D2L-CH9-Modern Recurrent Neural Networks

9. Modern Recurrent Neural Networks

9.1 Gated Recurrent Units (GRU)

從前一張章節得知,RNN因為矩陣連乘會導致梯度消失或爆炸.

作者提出3個梯度異常(gradient anomalies)的情境:

We might encounter a situation where an early observation is highly significant for predicting all future observations. 一個序列,第一個輸入包含了checksum,而模型目的是要預測checksum是否正確.這可以看出第一個輸入值很重要,必須要有 memory cell 機制保留初期資訊,否則,我們不得不為第一個輸入分配非常大的梯度，因為它會影響所有後續觀測值.
We might encounter situations where some symbols carry no pertinent observation. 以網頁內容情緒分析為例,網頁內容包含了許多不必要的 HTML symbols.需要有機制可以 略過(skip) 沒必要的 latent state representation.
We might encounter situations where there is a logical break between parts of a sequence. 例如,一本書的各個章節之間可能會有過渡,或者證券的熊市和牛市之間可能會有過渡.在這種情況下,最好有一種能 重置(reset) internal state representation的方法.

9.1.1 Gating the Hidden State

For instance, if the first symbol is of great importance we will learn not to update the hidden state after the first observation. Likewise, we will learn to skip irrelevant temporary observations. Last, we will learn to reset the latent state whenever needed.

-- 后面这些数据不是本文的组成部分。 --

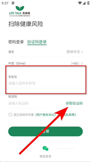 3、在登錄頁面,輸入手機號碼,點擊獲取驗證碼。
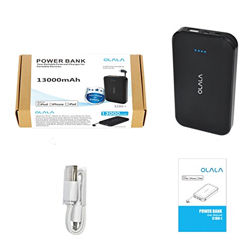 -. Binding : Wireless Phone Accessory -. Brand : OLALA -. Color : Black -. EAN : 0714819130727 -. Feature : The built-in Apple Lightning Connector has been licensed by Apple so it is 100% compatible with Apple new iphone SE, iphone 6s plus, iphone 6s, iphone 6, iphone 5, ipad air, ipad mini devices and it means you don't need to bring an extra cable. / Compatible with Android: The Separate USB outport 2.4A not only for charging Android Samsung Galaxy S7, Galaxy S6, HTC, LG and more usb charged devices, but also for charging Apple Devices. Note need to plug in your own charging cable. So the dual output enables you to charge two devices(iPhone/iPad + Android phone/iPhone) at full speed simultaneously. / The high capacity of 13000mAh ensures your Apple devices fully charged whenever and wherever. / Premium microchips create high-quality portable charger with 7 layers of smart safety protection circuit; offering 500+ recharge cycles over the life of the battery. / What You Get: OLALA MFi 13000mAh Portable Charger, Micro USB cable, User Manual, our fan-favorite 18-month warranty and friendly customer service. -. Label : OLALA -. Manufacturer : OLALA -. PackageQuantity : 1 -. ProductGroup : Wireless -. ProductTypeName : WIRELESS_ACCESSORY -. Publisher : OLALA -. Studio : OLALA -. Title : [Apple MFi Certified] OLALA 13000mAh Portable Battery Charger Built in Lightning Cable Power Bank for iPhone,ipad, 2.4A USB Port for Android and More (Black) -. UPC : 714819130727
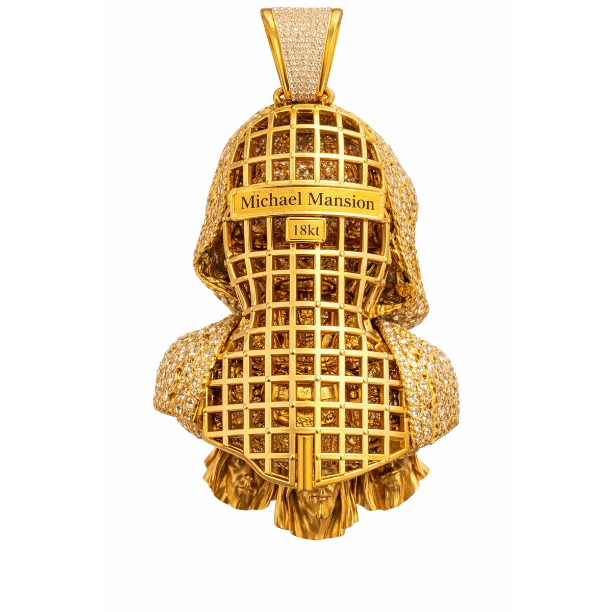 Every detail is executed in true high relief—from the gas mask contours and circular lenses to the hooded drapery, layered textures, and sculpted depth. This is not a flat or stamped pendant; it is a substantial, dimensional work created for collectors and high-level clientele who demand rarity and craftsmanship.

Reset Gates and Update Gates

The first thing we need to introduce are reset and update gates. We engineer them to be vectors with entries in \((0, 1)\) such that we can perform convex combinations.

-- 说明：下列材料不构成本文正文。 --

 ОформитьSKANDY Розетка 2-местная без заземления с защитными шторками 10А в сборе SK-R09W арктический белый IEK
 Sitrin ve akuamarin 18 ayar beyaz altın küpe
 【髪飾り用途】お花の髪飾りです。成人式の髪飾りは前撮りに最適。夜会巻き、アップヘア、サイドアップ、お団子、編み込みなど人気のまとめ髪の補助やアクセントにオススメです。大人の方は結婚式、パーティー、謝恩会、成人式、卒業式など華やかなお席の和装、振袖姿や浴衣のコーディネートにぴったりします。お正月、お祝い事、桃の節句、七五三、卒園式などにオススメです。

activation function 採用 sigmoid, 保證輸出區間是0,1之間.

For instance, a reset variable would allow us to control how much of the previous state we might still want to remember. Likewise, an update variable would allow us to control how much of the new state is just a copy of the old state.

For a given timestep \(t\), the minibatch input is \(\mathbf{X}_t \in \mathbb{R}^{n \times d}\) (number of examples: \(n\), number of inputs: \(d\)) and the hidden state of the last timestep is \(\mathbf{H}_{t-1} \in \mathbb{R}^{n \times h}\) (number of hidden states: \(h\)). Then, the reset gate \(\mathbf{R}_t \in \mathbb{R}^{n \times h}\) and update gate \(\mathbf{Z}_t \in \mathbb{R}^{n \times h}\) are computed as follows:

\[ \begin{aligned} \mathbf{R}_t = \sigma(\mathbf{X}_t \mathbf{W}_{xr} + \mathbf{H}_{t-1} \mathbf{W}_{hr} + \mathbf{b}_r),\\ \mathbf{Z}_t = \sigma(\mathbf{X}_t \mathbf{W}_{xz} + \mathbf{H}_{t-1} \mathbf{W}_{hz} + \mathbf{b}_z). \end{aligned} \]

Reset Gates in Action

以下是 Conventional RNN

\[\mathbf{H}_t = \tanh(\mathbf{X}_t \mathbf{W}_{xh} + \mathbf{H}_{t-1}\mathbf{W}_{hh} + \mathbf{b}_h).\]

以下是加入 Reset Gate 的 RNN

\[\tilde{\mathbf{H}}_t = \tanh(\mathbf{X}_t \mathbf{W}_{xh} + \left(\mathbf{R}_t \odot \mathbf{H}_{t-1}\right) \mathbf{W}_{hh} + \mathbf{b}_h).\]

如果 \(\mathbf{R}_t\) 內元素接近 1,則結果接近 Conventional RNN. 如果 \(\mathbf{R}_t\) 內元素接近 0,則 hidden state 等於\(\mathbf{X}_t\) 為輸入所搭建的 MLP.先前的 hidden state 都會被重設為預設值.

reset gate 結果為後續的 cadidate hidden state, update gate 會接續用到.

element-wise product 是重要的關鍵.

Update Gates in Action

\[\mathbf{H}_t = \mathbf{Z}_t \odot \mathbf{H}_{t-1} + (1 - \mathbf{Z}_t) \odot \tilde{\mathbf{H}}_t.\]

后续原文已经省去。